Снежная буря измотала дружинников, леденящий ветер пронизывал насквозь, и парни прозевали коварного врага…

Словно не люди, а призраки пробивались сквозь пургу к Сабурке. Только пост у самых ворот лечебницы заметил городовых. Саша Васильев опрометью бросился к главному корпусу. Там Артем и все руководители подполья. Уже на бегу Васильев приказал Лазько;

— Дуй, Мишук, к Тутышкиным! Кажется, у них ховаются Мечникова и Фрося…

В вестибюле главного корпуса дремала дружинница Алексеева.

Верка! — крикнул ей Васильев с порога. — Поднимись к Базловой: тревога! Полицейских — как тараканов… Всю больницу оцепили!

Даша бодрствовала в ординаторской. Очень хотелось спать, но ведь ей доверена жизнь руководителей подполья.

Закрыв все входы в отделение, она разбудила Артема и Корнеева, растолкала Авилова, Пальчевского и еще трех комитетчиков, прикорнувших на приставных койках в коридоре. Федора провела в изолятор и дала ему больничную одежду:

— Переоденьтесь… Так надо. Я сейчас! — и убежала.

Федор растерянно покосился в угол. Там в смирительной сорочке лежал буйнопомешанный. И не просто лежал, а корчился в судорогах, что-то бессвязно орал. На губах пена, глаза дико вращаются.

Страшно. Лучше очутиться на улице лицом к лицу с врагом, а не в этой мышеловке, с безумцем рядом.

А городовые уже вломились в корпус и колотили в обитую железом дверь отделения:

— Полиция! Отворите! Не то взломаем двери.

Даша усмехнулась. Эту дверь и таран не сразу возьмет.

— Без доктора Тутышкина никого не пущу. Кто бы вы ни были! Перестаньте орать и пугать больных. Тут не кабак.

— Ну погоди, стерва… — выругался кто-то.
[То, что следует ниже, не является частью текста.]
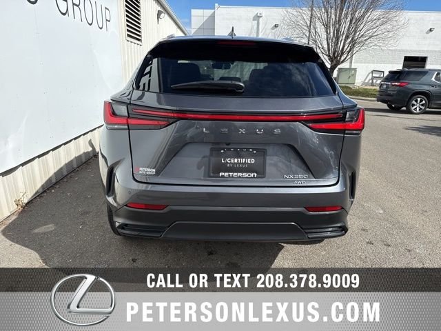 L/Certified 2024 Lexus NX 350 Premium AWD. Cloudburst Gray 2024 Lexus NX 350 Premium AWD One Owner, Clean History, Automatic Temperature Control, Back Up Camera, AWD, 14" Display Navigation, 18" Wheels, Active Cruise Control, Alloy wheels, Back Monitor, Brake assist, Cold Area Package, Electronic Stability Control, Exterior Parking Camera Rear, Heated & Ventilated Front Bucket Seats, Lane Change Assist, Leather Heated Steering Wheel with Paddles, Navigation system: Drive Connect Cloud Navigation (subscription required), NuLuxe Seat Trim, Power Heated Exterior Mirrors, Power Liftgate, Power moonroof, Premium Package, Telescoping steering wheel, Tilt steering wheel, Vision Package, Wiper & Window Deicer. Here at Peterson Lexus we are proud to offer you Treasure Valley's finest selection of new and quality pre-owned vehicles. With our upfront pricing, fully transparent buying process and our customer focused sales team, you can be assured that there is no better place to shop for your next car, truck or SUV.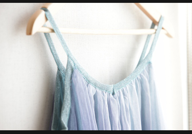 - เสื้อกล้ามสายเดี่ยวตัวนี้น่ารักมากกกกก ผ้าชีฟองแก้วไล่เฉดสี มีซับสีฟ้าเข้ากัน กุ้นขอบไหมพรมวิ้งๆๆ เอาเป็นว่าใส่ออกไปเที่ยวกี่ทีคนก้อชมทีเดียว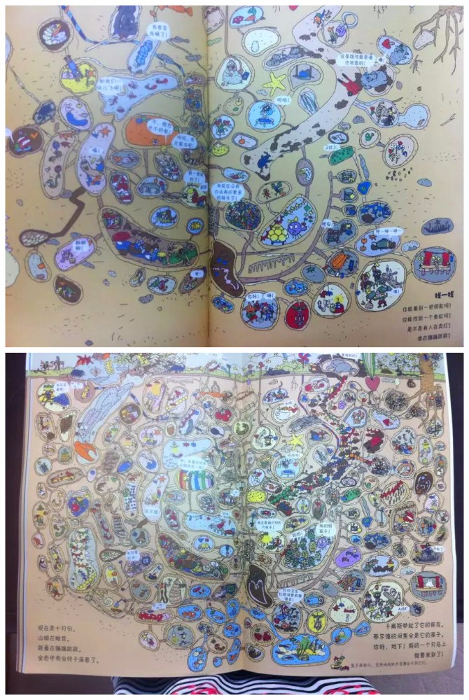 感谢宝宝地带和广西科学技术出版社•阳光秀美童书馆提供此书!我收到的是《你好!世界》系列中的一本《你好!地下》。刚打开包裹取出这本书的时候,我就感到非常地意外和惊奇,因为这本书比我之前收到的任何一本书都还要大,比A4纸的尺寸还要大出一截来,摊开以后就更加地大了,而且里面的图案密密麻麻的,画风也比较像涂鸦的手法,看惯了一些简单唯美的大图画书后再看这种类型的书,刚开始还真的有点不习惯呢。可当我静下心来,慢慢地从第一页开始翻阅以后,就渐渐发现其中的奥秘。这跟以往我收到的故事类绘本不同,这是一本可以让孩子玩游戏找找看的书,一本可以培养孩子想象力、专注力和思考力的书。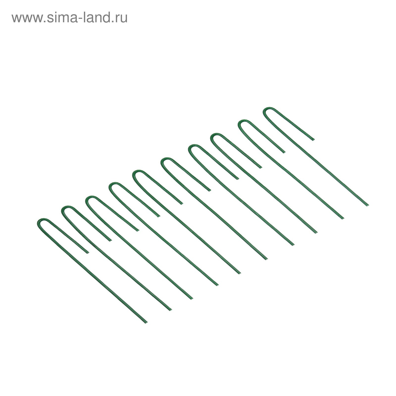 Колышек универсальный, h = 20 см, ножка d = 0.3 см, набор 10 шт., зелёный, greengo. Колышки для подвязки растений помогают зафиксировать саженцы в нужном положении, чтобы обеспечить их правильный рост. Плюсы подвязывания растенийСтебли защищены от повреждений. Плоды не касаются земли и не пачкаются. Солнечные лучи лучше проникают к плодам. Удобно собирать урожая . Какие растения нужно подвязыватьДекоративные вьющиеся растения, чтобы задать направление роста и сформировать крону. Пионы, дельфиниум, гладиолусы и другие высокорослые цветы с тяжёлыми бутонами. Томаты, огурцы, перцы, чтобы стебли не ломались и не искривлялись под тяжестью плодов. Цвет: Зелёный Диаметр, мм: 3 Длина, см: 20 В упаковке, шт.: 10 Материал: Металл Вид: Колышки Температурное ограничение: Нет Вид ленты: Крепление для ленты Вид: Колышки Применение: Для укрывного материала  развернуть описание ▼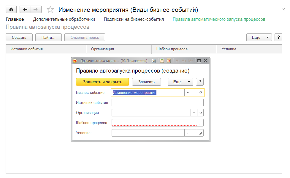 Ответственный за шаблоны процессов сотрудник настраивает старт процессов по событиям в форме ФормаЗаписи регистра НастройкаШаблоновБизнесПроцессов или ПравилаАвтоматическогоЗапускаБизнесПроцессов. Настройки в обоих случаях сохраняются в регистр сведений ПравилаАвтоматическогоЗапускаБизнесПроцессов. За сохранение отвечают процедуры СохранитьПравилоАвтоматическогоЗапускаБизнесПроцессов и ПолучитьБизнесСобытияПоВидуДокумента общего модуля БизнесСобытияВызовСервера.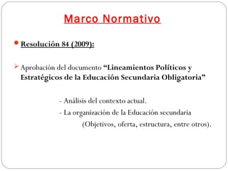 El documento aborda las resoluciones y lineamientos para la educación secundaria obligatoria en Argentina, enfatizando la importancia de la inclusión y el reconocimiento de los jóvenes como sujetos de derechos. Se proponen diversas estrategias y modalidades educativas que aseguran la calidad y terminabilidad de la educación, enfocándose en el uso de tecnologías de la información y comunicación (TIC) para facilitar el aprendizaje. También se destaca la necesidad de un compromiso institucional y comunitario para apoyar la diversidad de trayectorias educativas de los estudiantes.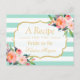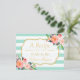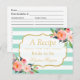 Carte de recette de douche nuptiale florale à rayures vert menthe. Pour une personnalisation supplémentaire, veuillez cliquer sur le lien "personnaliser davantage" et utiliser notre outil de conception pour modifier ce modèle.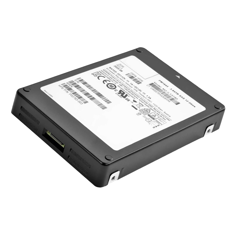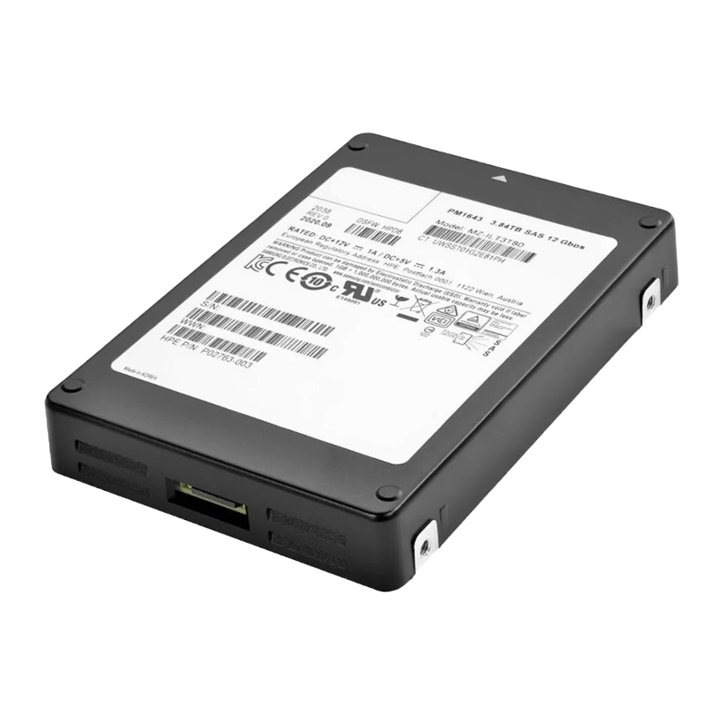 The Samsung PM1643 solid-state drive (SSD) with 3.84TB storage capacity is built for enterprise-grade applications. It is designed for robust data handling and high-speed performance, featuring a SAS 12Gbps interface and advanced V-NAND technology.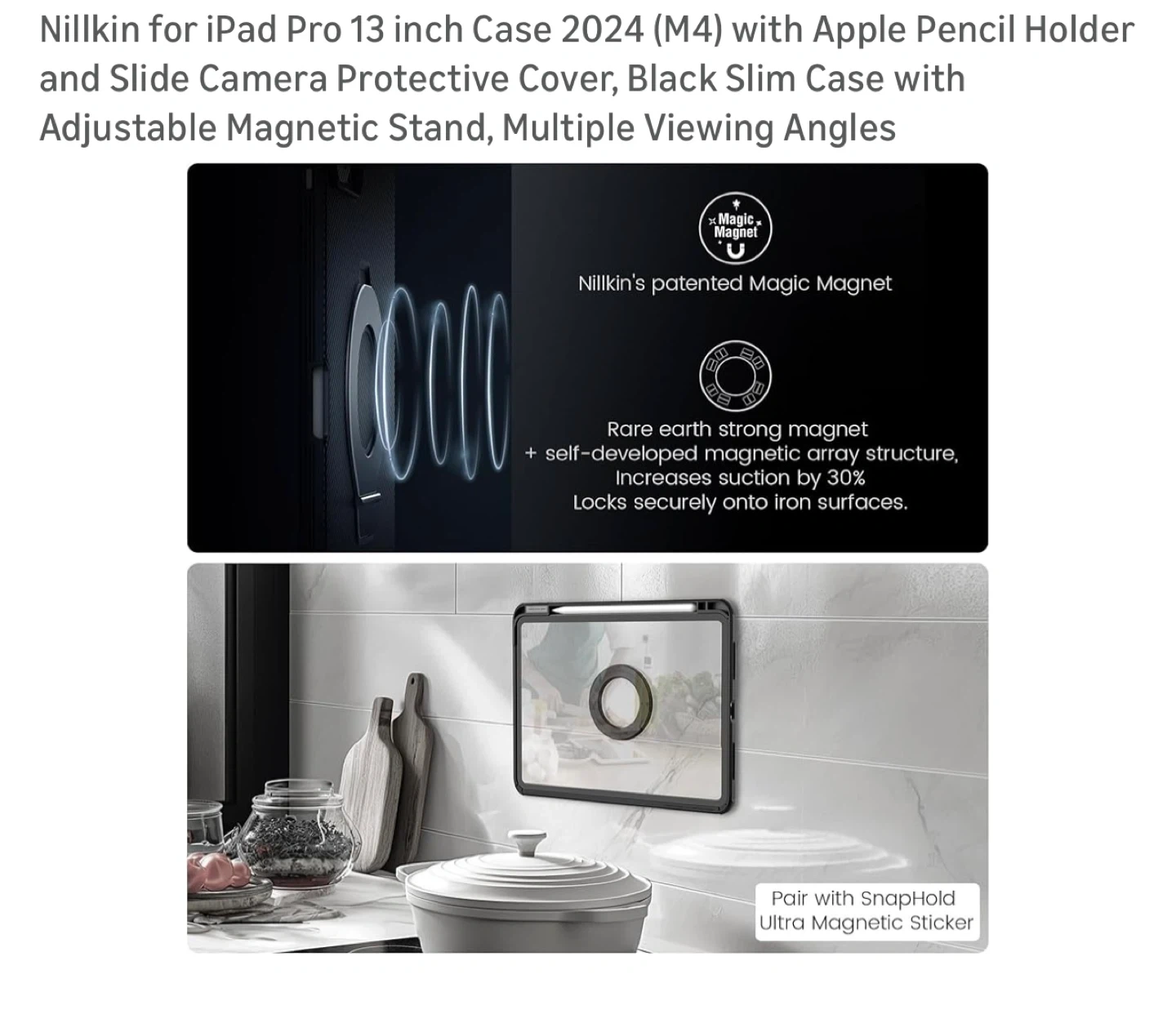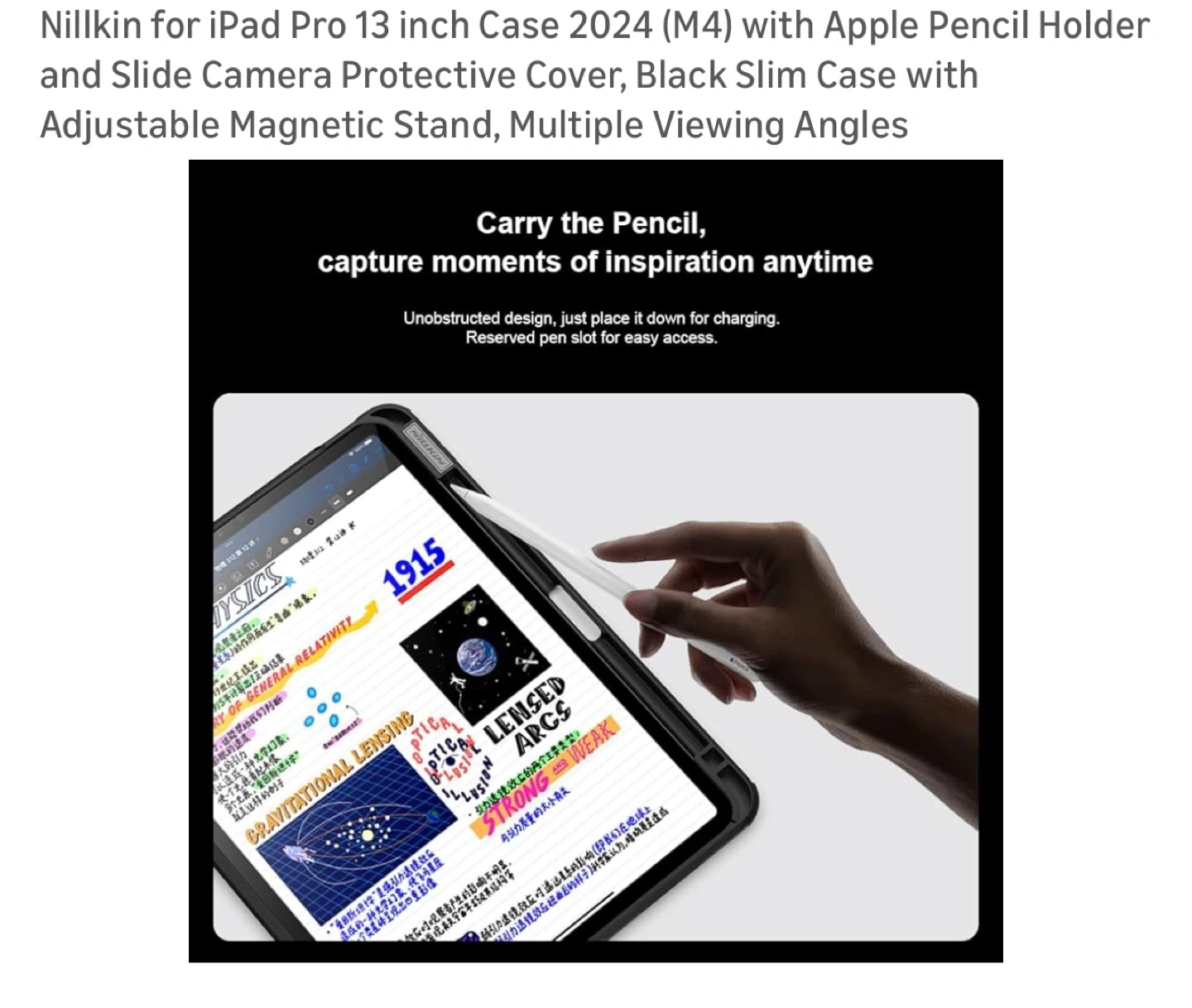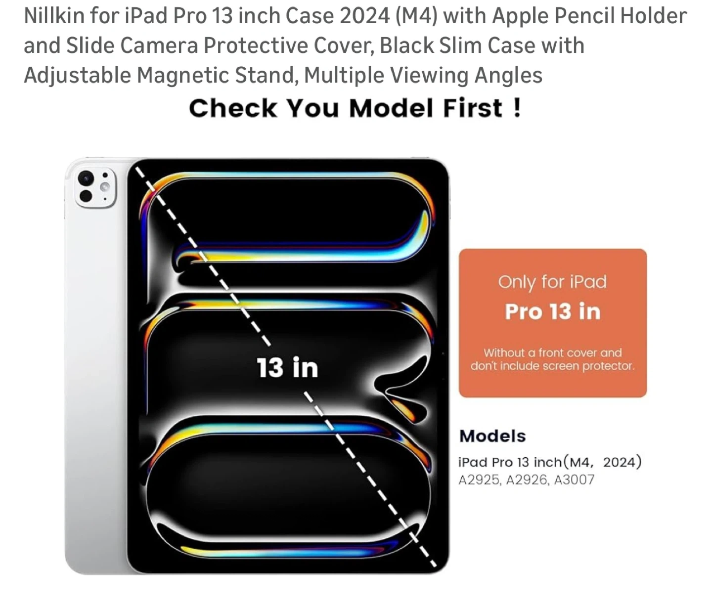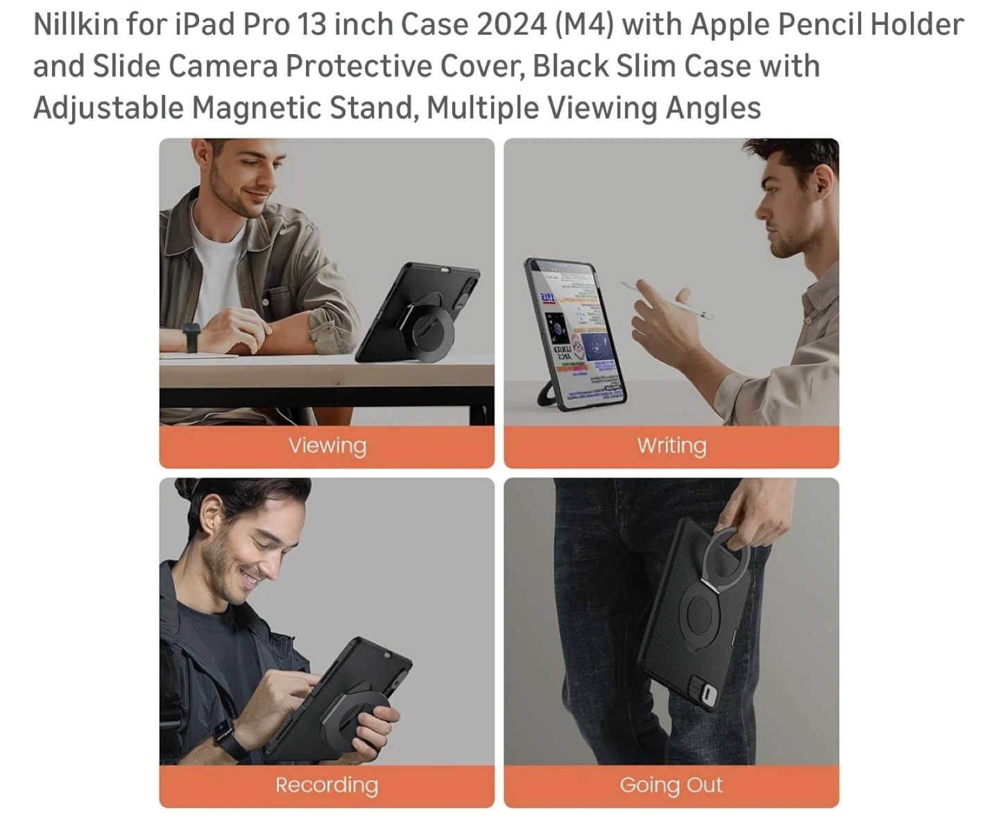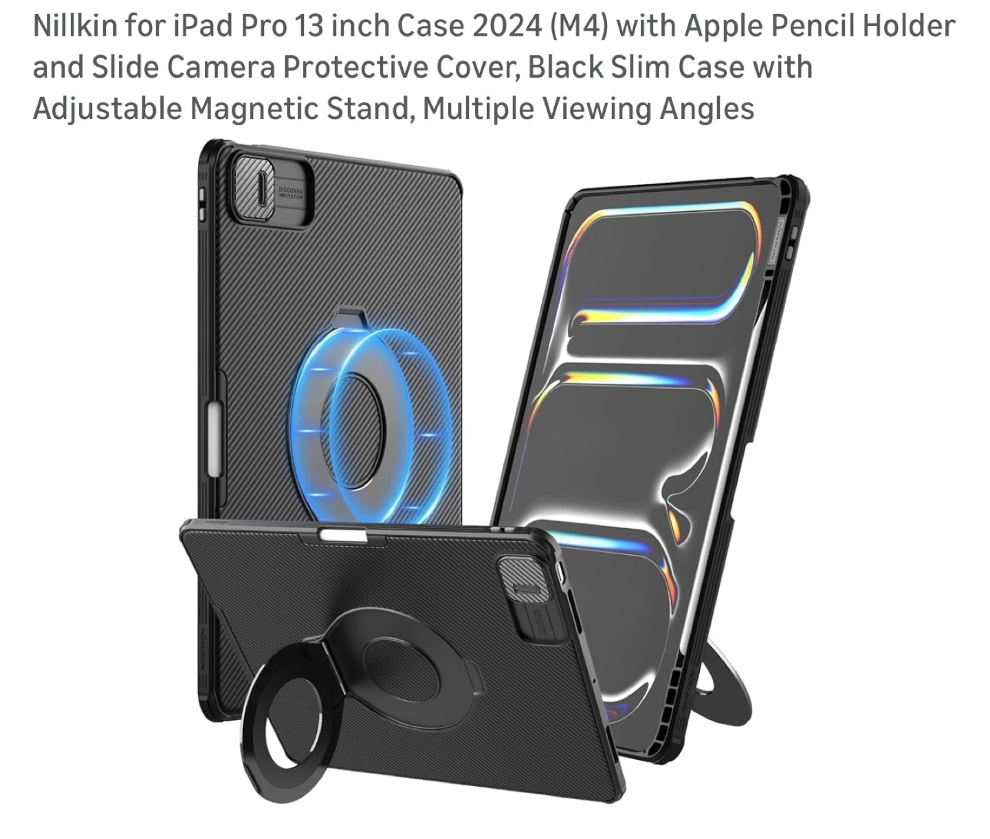 This is a Nillkin case for the 13-inch iPad Pro (2024 M4). It features an Apple Pencil holder and a slide camera protective cover. The case has an adjustable magnetic stand for multiple viewing angles and side anti-slip stripes for a better grip.

И, грохоча сапогами, побежал вниз по лестнице.

Вернувшись в изолятор, Базлова деловито запеленала Федора в мокрую простыню. Приклеив ему коллодием фальшивую бородку, растрепала ее рукой. Хорош.

Федора разбирало зло. Проклятие! Очутиться в руках жандармов этакой беспомощной куклой? А на языке медиков это просто «укутка» для припадочных и больных с расшатанной нервной системой.

— Если сюда заглянут фараоны, копируйте соседа, — кивнула Даша на сумасшедшего, — Увидят — и захлопнут дверь.

У Тутышкиных шел обыск. Пристав допрашивал доктора и его жену Юлию Федоровну. Мечникова назвалась свояченицей доктора, а Фрося Ивашкевич — прислугой. Тутышкин держался с достоинством и разрешения на вход полиции в свое отделение не дал:

— Будоражить душевнобольных? Они и так обижены судьбой.

Разглядывая Тутышкина, пристав иронически щурился:

— Так это вы напечатали в мерзком «Харьковском листке» свою крамольную «Историю революционного движения на Сабуровой даче»? За что же вы так обрушились в ней на доктора Якобия?

— Невежа ваш Якобий. Объяснять бунт матросов «Потемкина» психической эпидемией? Нелепо. Однако это к делу не относится!

— Тек-с, тек-с… Итак, упорствуете в своем нежелании пустить нас в отделение?

Пристав решил дождаться утра и врачебного инспектора земства. Тот прикажет открыть все двери.

Даша Базлова волновалась. Рано или поздно, а полиция ворвется в ее отделение. Тогда Артему и другим подпольщикам несдобровать. О себе не думала. Как бы всех комитетчиков вывести в общее отделение на первом этаже? Там обыска делать не станут. А здесь на парадной и черной лестницах полиция, окна зарешечены…

И тут блеснула спасительная мысль. А подъемник, которым доставляют с. первого этажа на второй пищу больным?! Лифт крохотный, но рискнуть можно.

Даша крикнула в черный зев лифта фельдшерице Смирновой:

— Женюрка! Спущу наших. Попытайся вывести их во двор.

Первым спустили Авилова. Кое-как втиснули в ящик лифта. Долговязый Пальчевский съежился и сунул голову меж колен. С Артемом пришлось повозиться, но отправили и его. Выбравшись внизу из лифта, он с трудом выпрямился. Все же это лучше изолятор? с безумцем.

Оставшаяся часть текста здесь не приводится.